Give back exactly the lines starting at the one with "5. Refill the" and ending at the last line of the data below. Pictures are not part of the copy.

START Data section

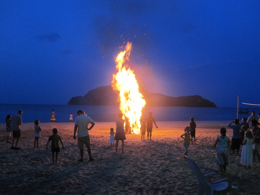 A whole bunch of kids were running around and as the evening grew a little darker, they started chanting “Fire! Fire! Fire!” – impatiently awaiting the lighting of the bonfire. Made of dried palm branches, it reminded me of the “beacon” in the movie Madagascar and went up nearly as quickly! Lots of bats swooping around, lots of green lights in the bay, and a generally great evening. Finished up playing 3 on 3 football in the pool with some TCKs from Cambodia and India.
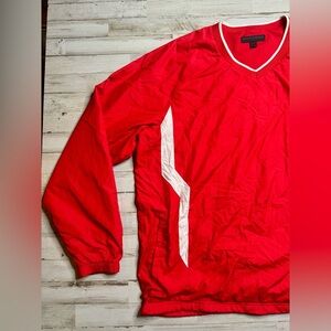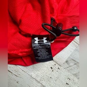 Under Armour Red White VNeck Lined Poly Windbreaker Pullover Drawstring Men 2XL
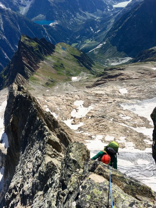 In 15h vom Hotel Handegg, Tür zu Tür. Cams # 0.3 - 1 (+ eventuell #2), Schlingen, 8 Express/Extenders. Die Schwierigkeiten (V+) sind am grossen Turm, dort finden man die meisten Rostgurken. Ausreichend Wasser mitnehmen, man ist lange in der Sonne...
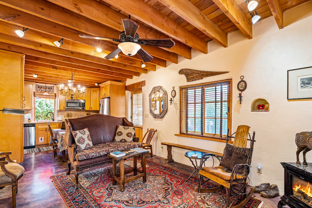 Casita adobe klasik bersejarah kami yang menawan berjarak sepuluh menit berjalan kaki dari Santa Fe Plaza, bersantap, dan museum. Kami menawarkan parkir pribadi di jalan untuk dua kendaraan. Interiornya menampilkan balok kayu bergaya Santa Fe klasik di langit - langit Viga, perapian kiva yang dilengkapi dengan kayu, skylight, area tamu dapur lengkap, kamar tidur pribadi, bak berendam, peralatan modern, mesin cuci & pengering, pendingin rawa, WIFI, TV layar datar, halaman tertutup yang indah dengan pohon - pohon dewasa dan BBQ. Anjing dipersilakan.
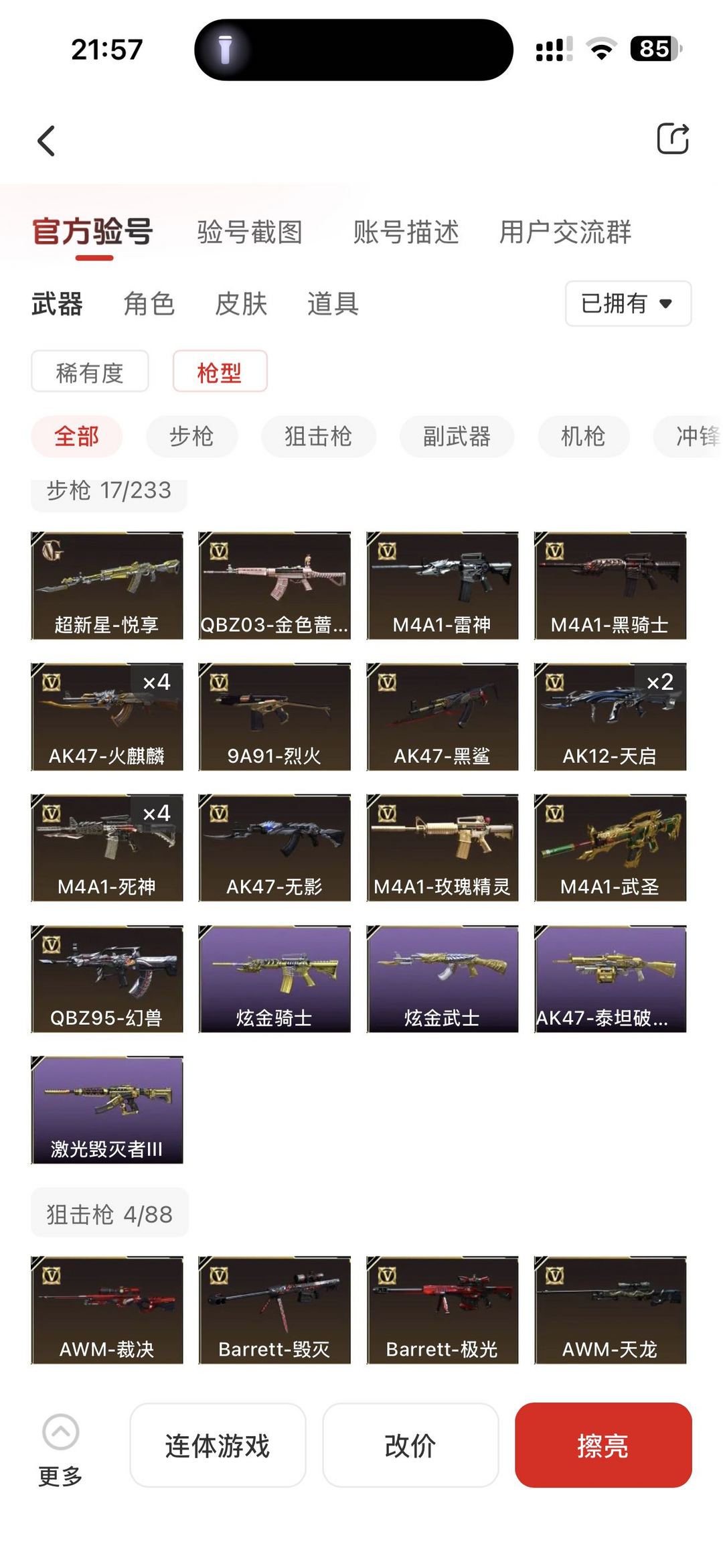 稀有幻兽套qbz带音效卡 裁决带皮 英雄角色妮妮 封号必追账号已备案
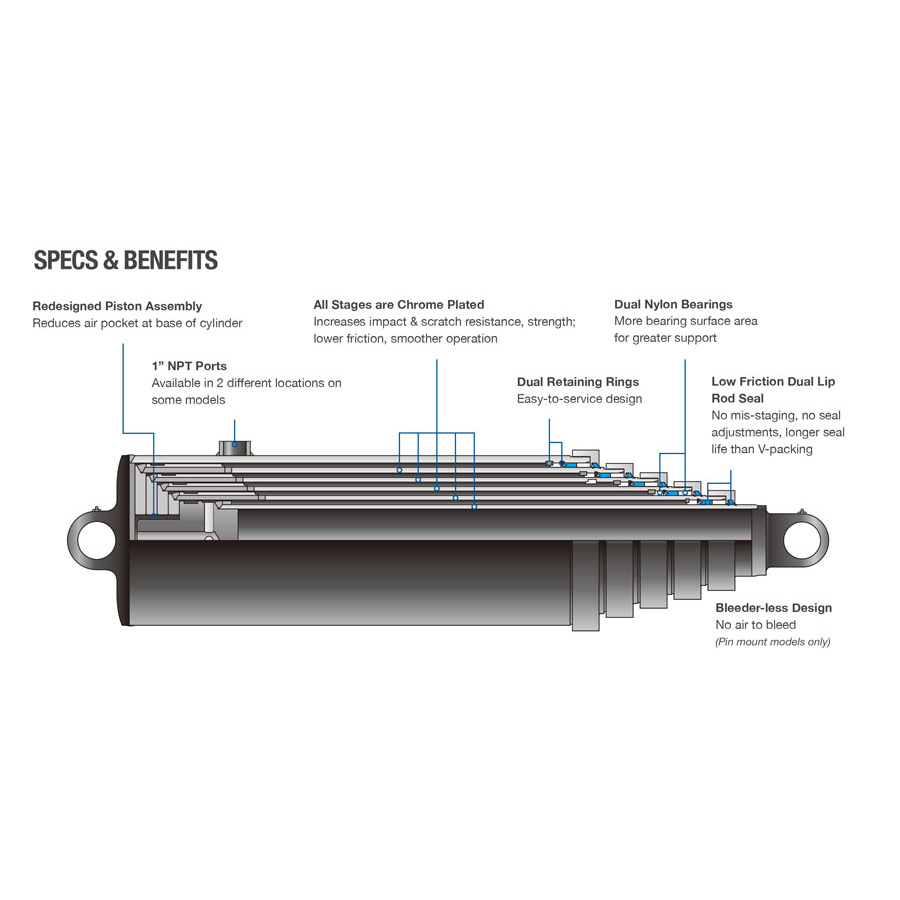 စစ်မှန်သော HCIC pin mount telescopic ဆလင်ဒါများကို အကြမ်းခံ၍ ယုံကြည်စိတ်ချရသော လည်ပတ်မှုအတွက် အင်ဂျင်နီယာချုပ်လုပ်ထားပါသည်။ အခြားပြိုင်ဘက်များ၏ ဆလင်ဒါများထက် ဒီဇိုင်းပိုင်း ပိုမိုကောင်းမွန်လာခြင်း၊ ပွတ်တိုက်မှု နည်းပါးသော နှုတ်ခမ်းနှစ်ချောင်း တံ ဆိပ်နှင့် ချောမွတ်သော လုပ်ဆောင်ချက်အတွက် အဆင့်အားလုံး chrome plated နှင့် roller ပါ၀င်ခြင်း၊ ခြစ်ရာနှင့် ရိုက်ခတ်မှု တိုးမြင့်လာခြင်း၊ သံချေးတက်ခြင်း/ သံချေးတက်ခြင်းနှင့် တုန်လှုပ်ခြင်းတို့ကို ခံနိုင်ရည်ရှိပြီး တည်ငြိမ်မှု ပိုမိုရရှိစေပါသည်။ . ကျွန်ုပ်တို့၏ အထူးပွတ်တိုက်မှုနည်းပါးသော နှုတ်ခမ်းနှစ်ချောင်း တံဆိပ်သည် ပိုမိုချောမွေ့ပြီး မြန်ဆန်သောလည်ပတ်မှုအတွက် ပွတ်တိုက်မှုကို လျော့ချပေးခြင်း၊ လက်လွတ်စဥ်းစားခြင်းမရှိဘဲ၊ တံဆိပ်ချိန်ညှိမှုများမလိုအပ်ဘဲ၊ စံ V-packing ကဲ့သို့ ဖိသိပ်မှုမသတ်မှတ်ထားဘဲ၊ V-packing ထက် တံဆိပ်သက်တမ်းပိုရှည်ခြင်းနှင့် ပိုမိုကောင်းမွန်သောလည်ပတ်အပူချိန်အကွာအဝေး။
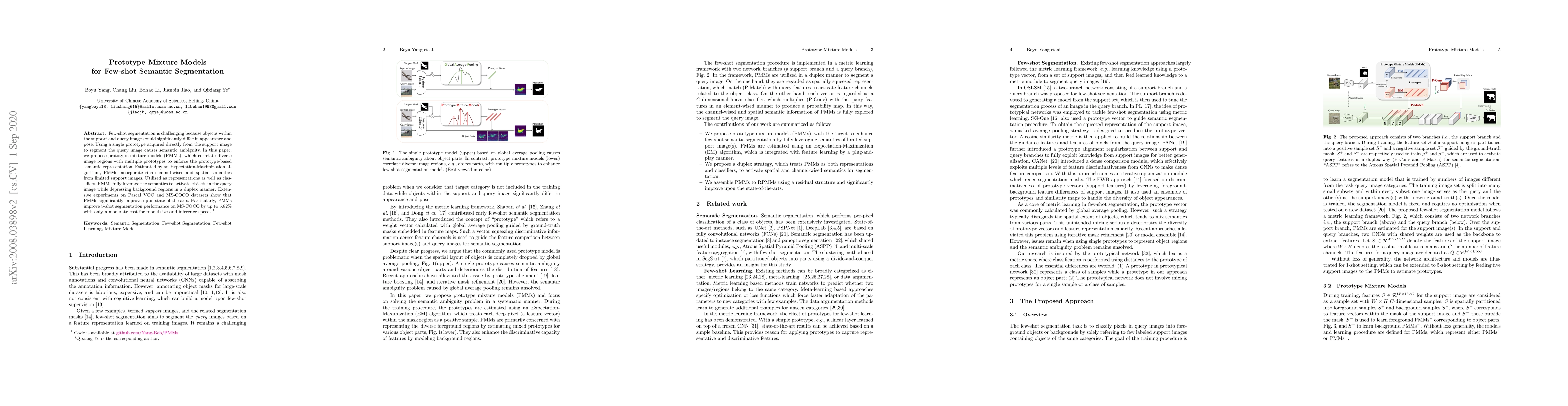 This paper proposes prototype mixture models (PMMs) to tackle the challenges of few-shot semantic segmentation, where objects differ in appearance and pose. PMMs correlate diverse image regions with multiple prototypes to enhance semantic representation, significantly improving segmentation performance on datasets like Pascal VOC and MS-COCO, with notable gains in 5-shot segmentation on MS-COCO.
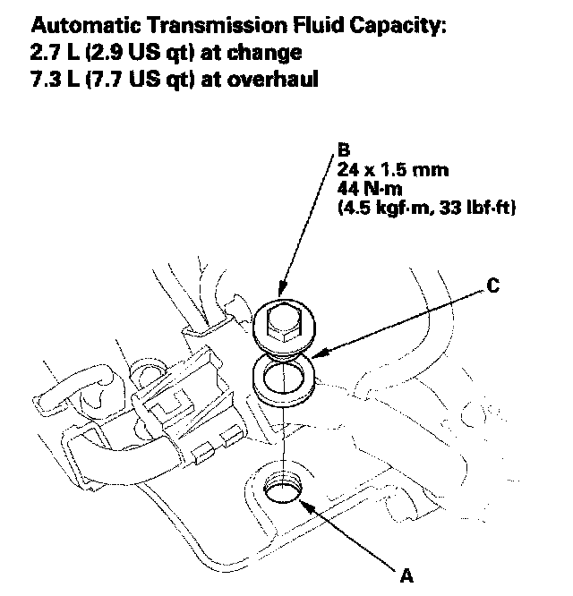 5. Refill the transmission with the recommended fluid into the filler hole (A) to the upper mark on the dipstick. Always use Honda ATF DW-1 (ATF Z1 has been replaced by ATF DW-1, Honda Service News Nov 2010) automatic transmission fluid (ATF). Using a non-Honda ATF can affect shift quality.
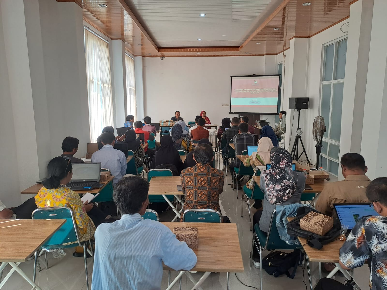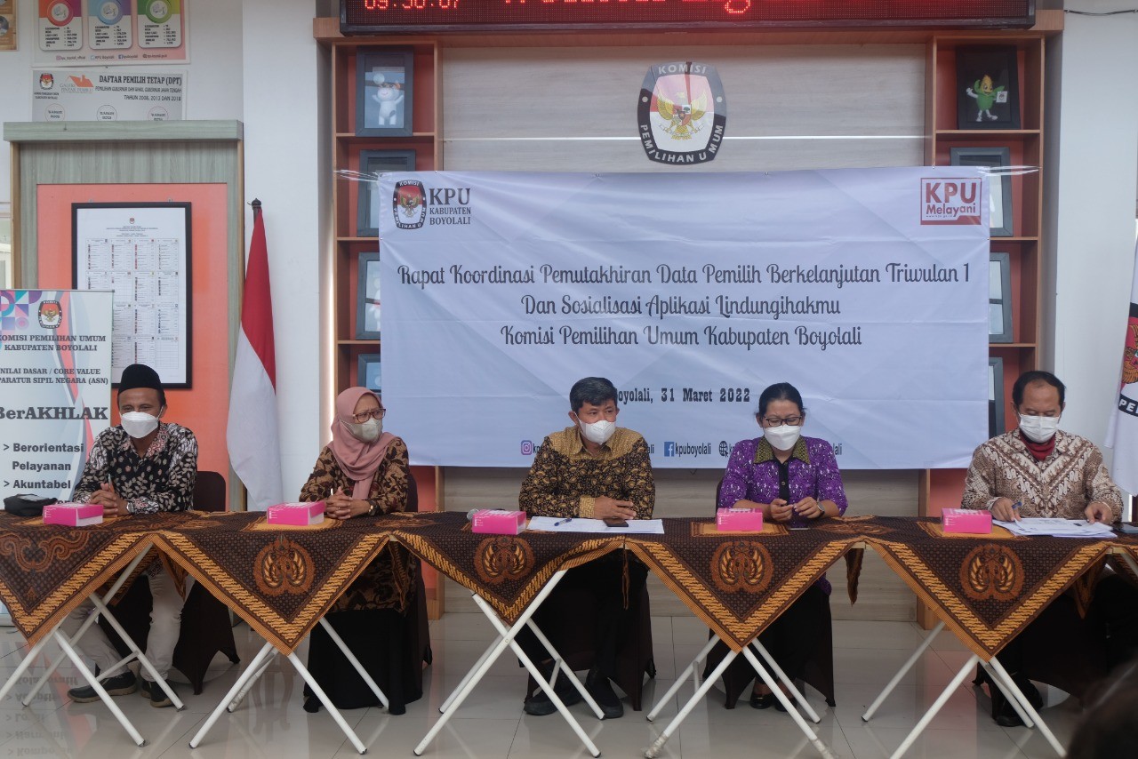 BOYOLALI - Komisi Pemilihan Umum Kabupaten Boyolali mengadakan Rapat Koordinasi Triwulan 1 dalam rangka Rekapitulasi Pemutakhiran Daftar Pemilih Berkelanjutan dengan jumlah sebanyak 816.422 (Delapan Ratus Enam Belas Ribu Empat Ratus Dua Puluh Dua) dengan rincian pemilih laki-laki berjumlah 404.633 (Empat Ratus Empat Ribu Enam Ratus Tiga Puluh Tiga) pemilih, dan pemilih perempuan berjumlah 411.789 (Empat Ratus Sebelas Ribu Tujuh Ratus Delapan Puluh Sembilan). Pemilih tersebar di 22 (dua puluh dua) Kecamatan. Potensi penambahan pemilih baru pada Maret 2022 berjumlah 2.075 sedangkan pemilih yang TMS berjumlah 1.160 selama Triwulan 1 bulan Januari-Maret 2022
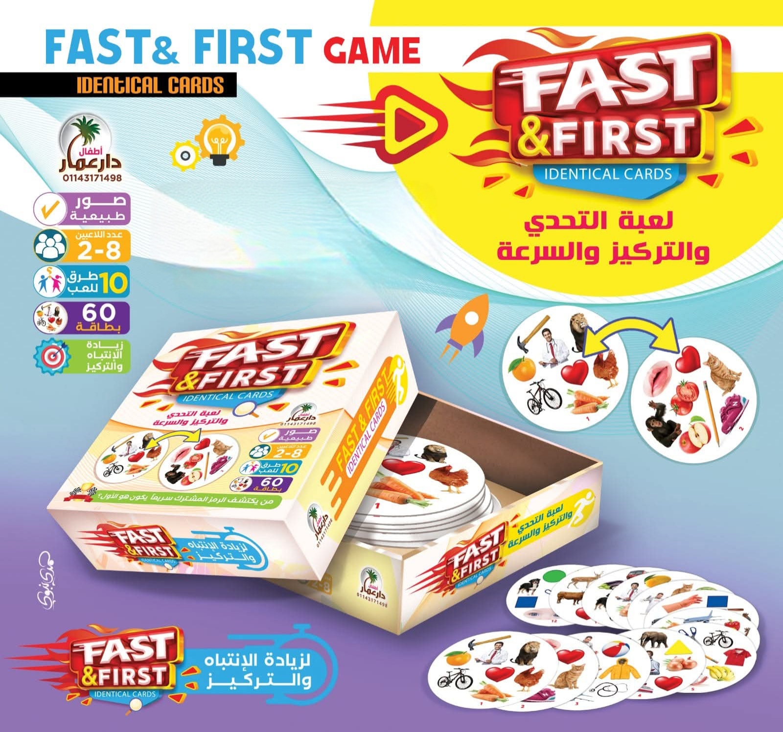 💡 هنلاقى فيها 60كارت وكل كارت يحتوى على 8 أشكال وبين كل كارت والتانى شكل واحد مشترك
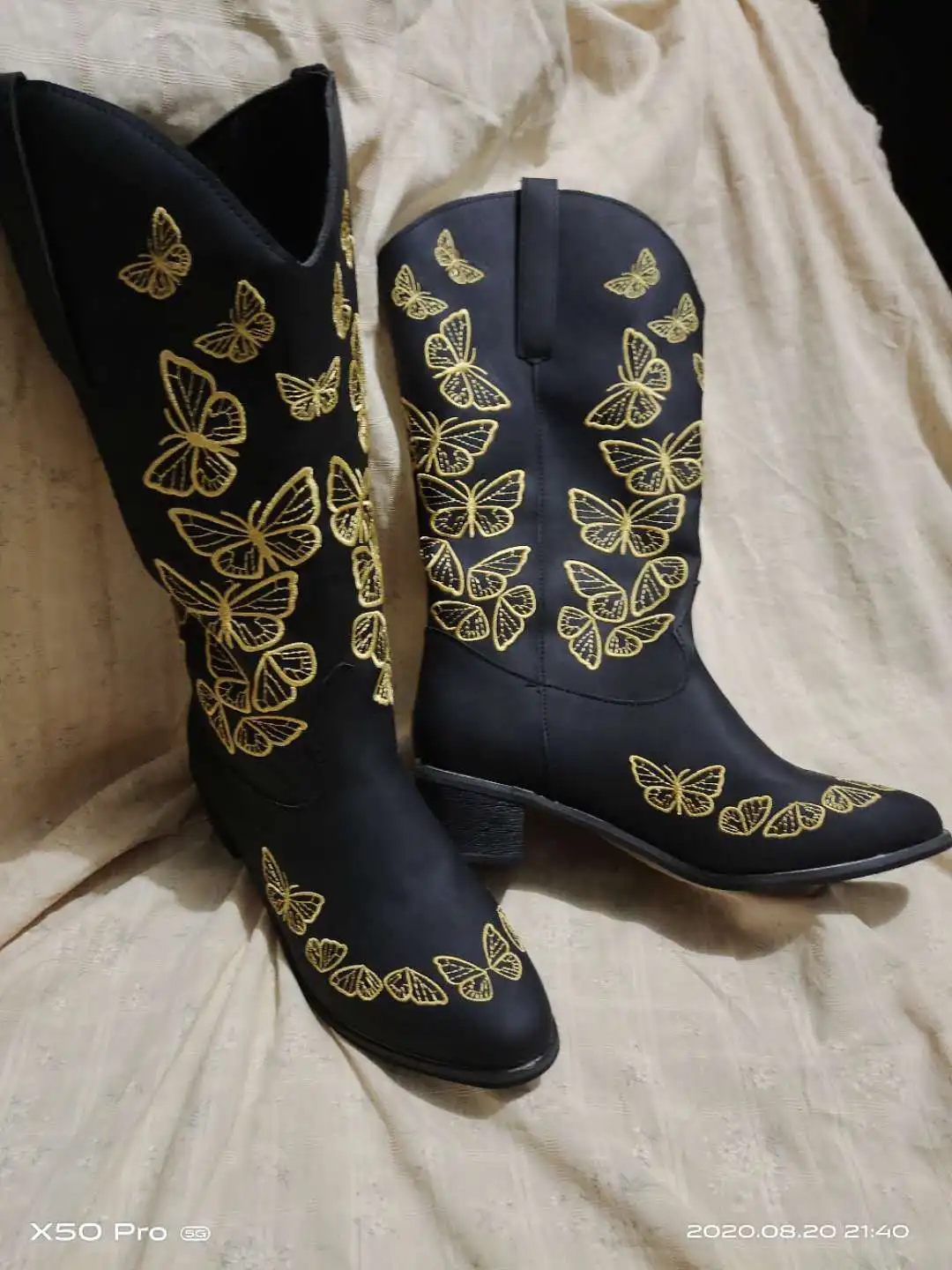 Женские кожаные ковбойские сапоги с вышивкой в виде бабочки, больши...

END Data section

▶ _Solution to the problem_
 5. Refill the transmission with the recommended fluid into the filler hole (A) to the upper mark on the dipstick. Always use Honda ATF DW-1 (ATF Z1 has been replaced by ATF DW-1, Honda Service News Nov 2010) automatic transmission fluid (ATF). Using a non-Honda ATF can affect shift quality.
 BOYOLALI - Komisi Pemilihan Umum Kabupaten Boyolali mengadakan Rapat Koordinasi Triwulan 1 dalam rangka Rekapitulasi Pemutakhiran Daftar Pemilih Berkelanjutan dengan jumlah sebanyak 816.422 (Delapan Ratus Enam Belas Ribu Empat Ratus Dua Puluh Dua) dengan rincian pemilih laki-laki berjumlah 404.633 (Empat Ratus Empat Ribu Enam Ratus Tiga Puluh Tiga) pemilih, dan pemilih perempuan berjumlah 411.789 (Empat Ratus Sebelas Ribu Tujuh Ratus Delapan Puluh Sembilan). Pemilih tersebar di 22 (dua puluh dua) Kecamatan. Potensi penambahan pemilih baru pada Maret 2022 berjumlah 2.075 sedangkan pemilih yang TMS berjumlah 1.160 selama Triwulan 1 bulan Januari-Maret 2022
 💡 هنلاقى فيها 60كارت وكل كارت يحتوى على 8 أشكال وبين كل كارت والتانى شكل واحد مشترك
 Женские кожаные ковбойские сапоги с вышивкой в виде бабочки, больши...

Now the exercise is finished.